**Exercise instructions:**
Nothing but the lines from the one holding "The adjustable tie-back" to the final line of the listing below, both included, should be repeated, and each must match exactly. Omit pictures.

**Data:**
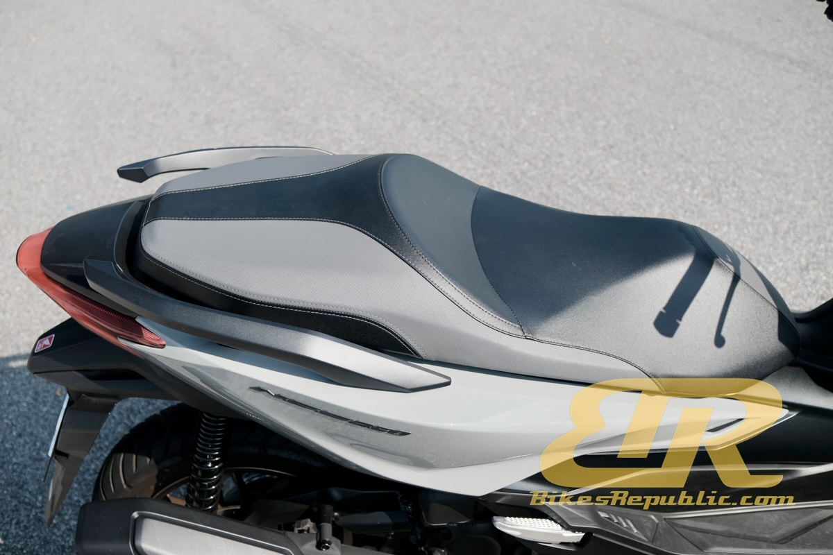 Tempat duduknya cukup rendah walaupun panel sisinya yang besar, dan membolehkan kami meletakkan kaki di atas tanah dengan selamat. Ya, kusyen pelananya kelihatan agak keras pada mulanya, tetapi kami tidak terasa sakit selepas menunggang sepanjang hari.
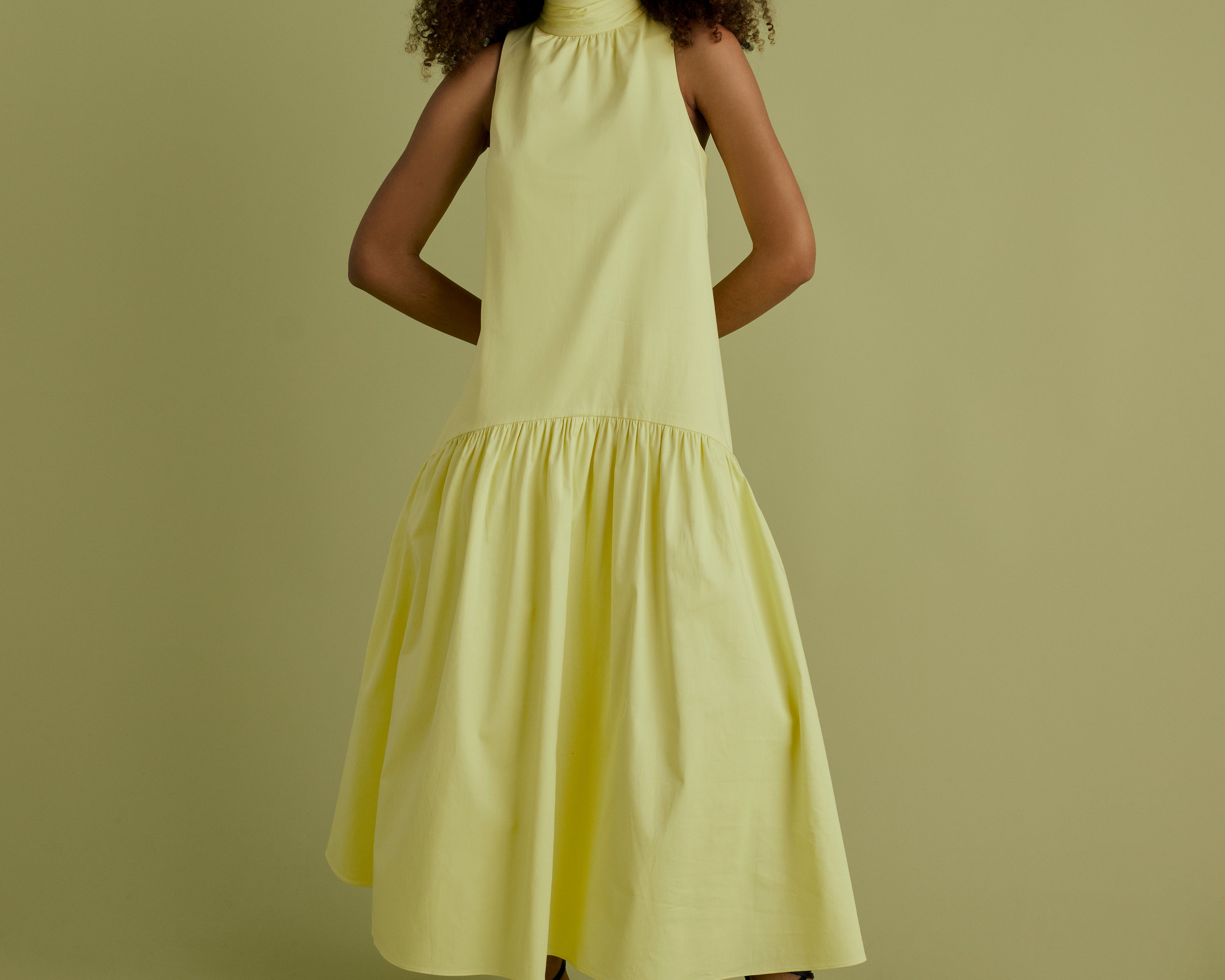 The adjustable tie-back detail allows you to tailor the fit as your body changes, making it especially well suited to early pregnancy. The midi length feels polished and timeless, while the soft yellow tone brings warmth and joy without overpowering. It’s occasionwear that feels considered, comfortable, and confidence-boosting.
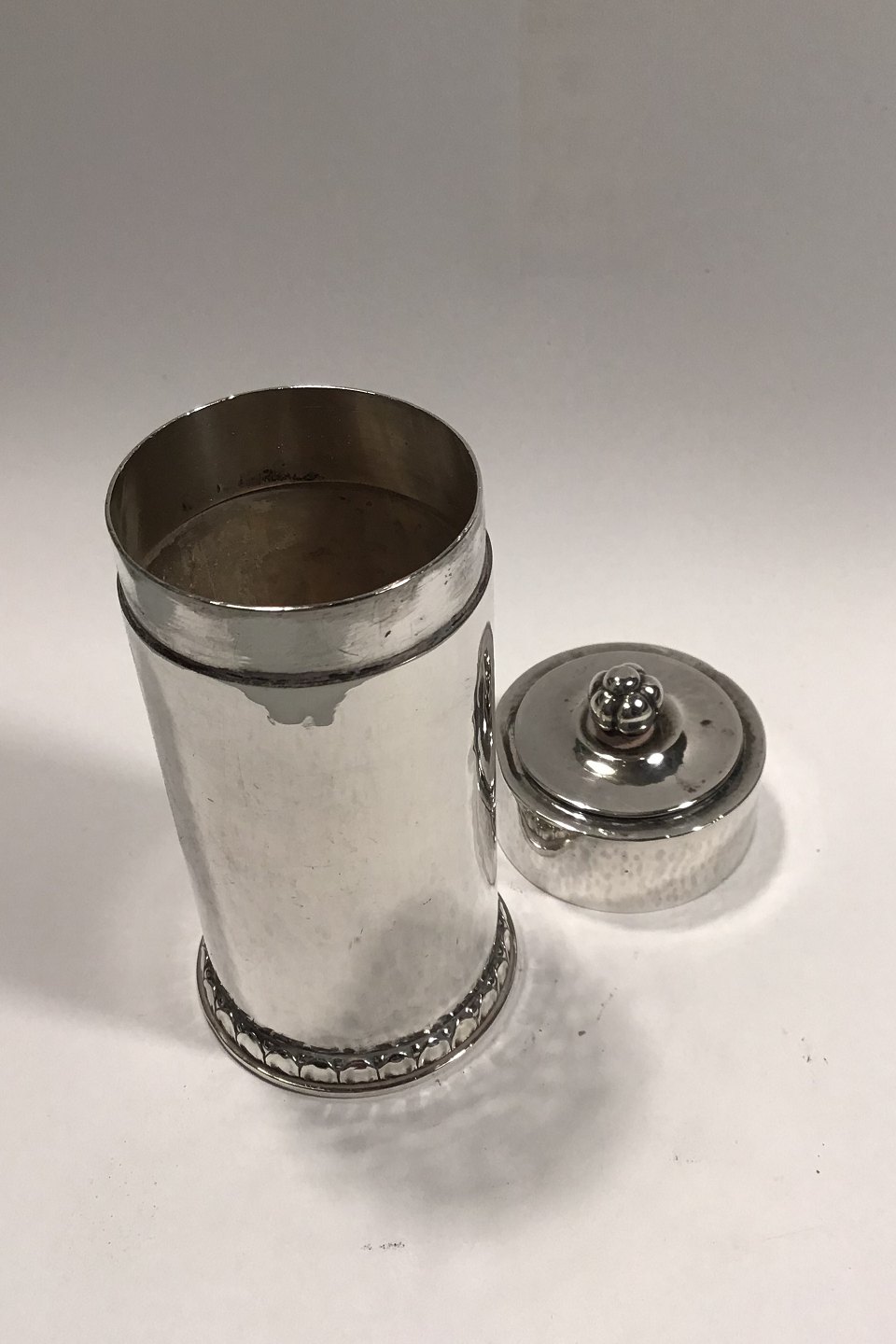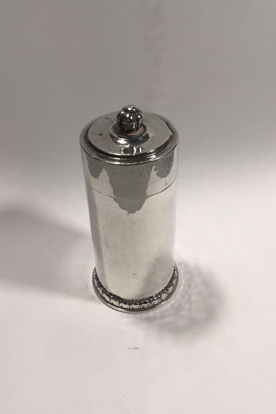 Georg Jensen Sterling Silver Cylindrical Lidded Container No 65 (1925-1933) Measures H 9.5 cm (3 47/64 in) Weight 93.1 gr/3.28 oz( Lid with dent)
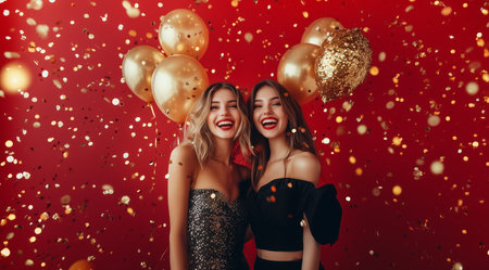 Two glamorous women radiate joy against a vibrant red backdrop, adorned with golden confetti and balloons. Their sparkling outfits and bright smiles capture the essence of celebration, creating an atmosphere filled with excitement and friendship.
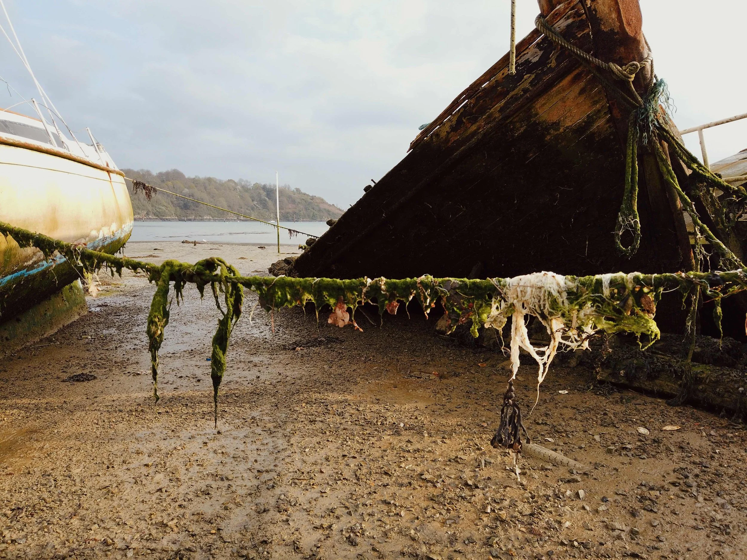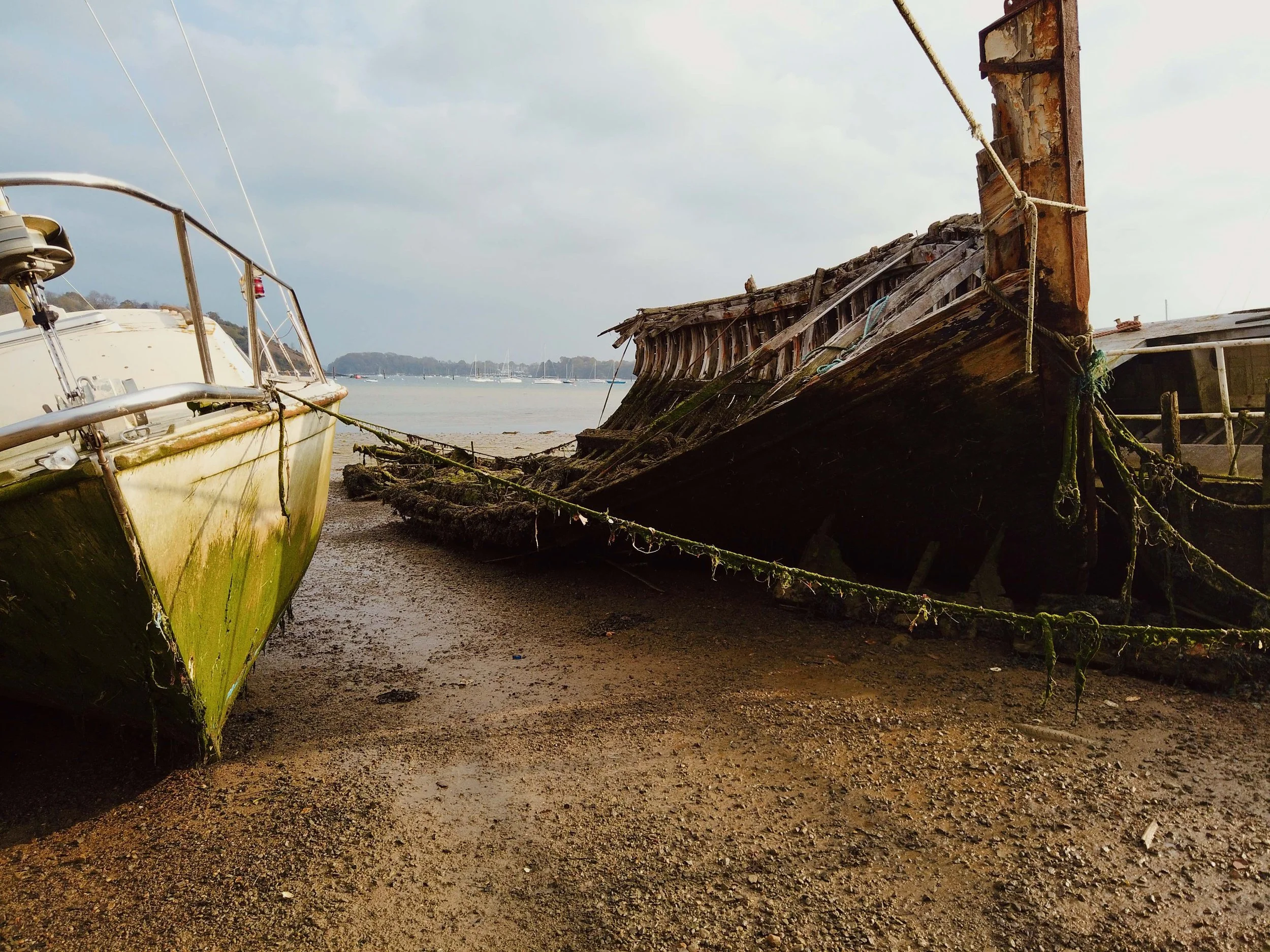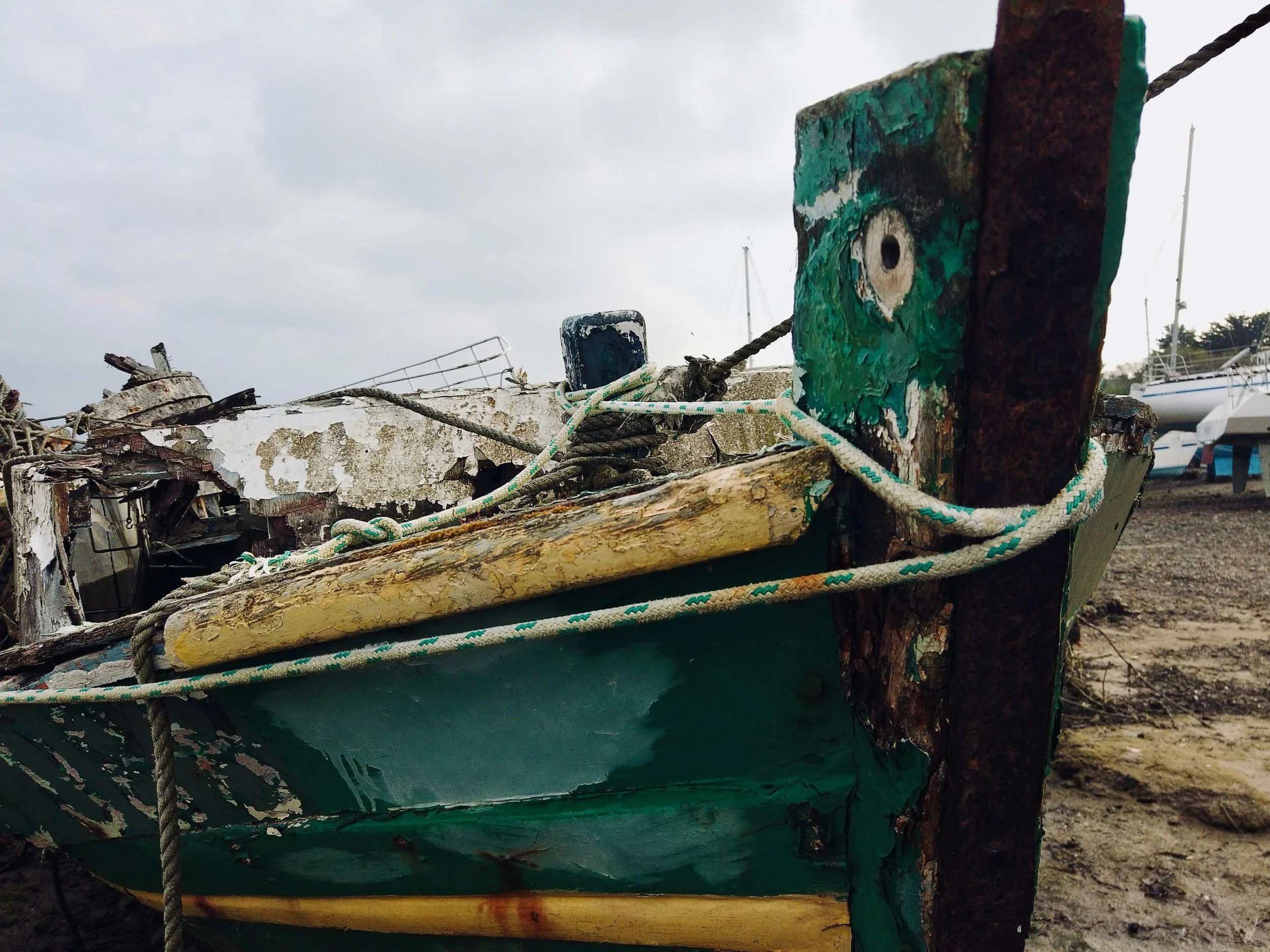 Les bateaux abandonnés, les cris des mouettes, le bruit du bois qui geint. Parfois, un rayon de soleil se glisse faisant miroiter la mer, et les épaves deviennent de somptueuses sculptures. Elles gagnent en poésie dès qu’on les regarde avec un peu d’attention. Le sable humide, les coquillages abandonnés, les lignes douces de la plage recouverte de mousse marine, tout ça mêlé au bruit des vagues, à l’odeur salée…

**Finished exercise:**
 The adjustable tie-back detail allows you to tailor the fit as your body changes, making it especially well suited to early pregnancy. The midi length feels polished and timeless, while the soft yellow tone brings warmth and joy without overpowering. It’s occasionwear that feels considered, comfortable, and confidence-boosting.
 Georg Jensen Sterling Silver Cylindrical Lidded Container No 65 (1925-1933) Measures H 9.5 cm (3 47/64 in) Weight 93.1 gr/3.28 oz( Lid with dent)
 Two glamorous women radiate joy against a vibrant red backdrop, adorned with golden confetti and balloons. Their sparkling outfits and bright smiles capture the essence of celebration, creating an atmosphere filled with excitement and friendship.
 Les bateaux abandonnés, les cris des mouettes, le bruit du bois qui geint. Parfois, un rayon de soleil se glisse faisant miroiter la mer, et les épaves deviennent de somptueuses sculptures. Elles gagnent en poésie dès qu’on les regarde avec un peu d’attention. Le sable humide, les coquillages abandonnés, les lignes douces de la plage recouverte de mousse marine, tout ça mêlé au bruit des vagues, à l’odeur salée…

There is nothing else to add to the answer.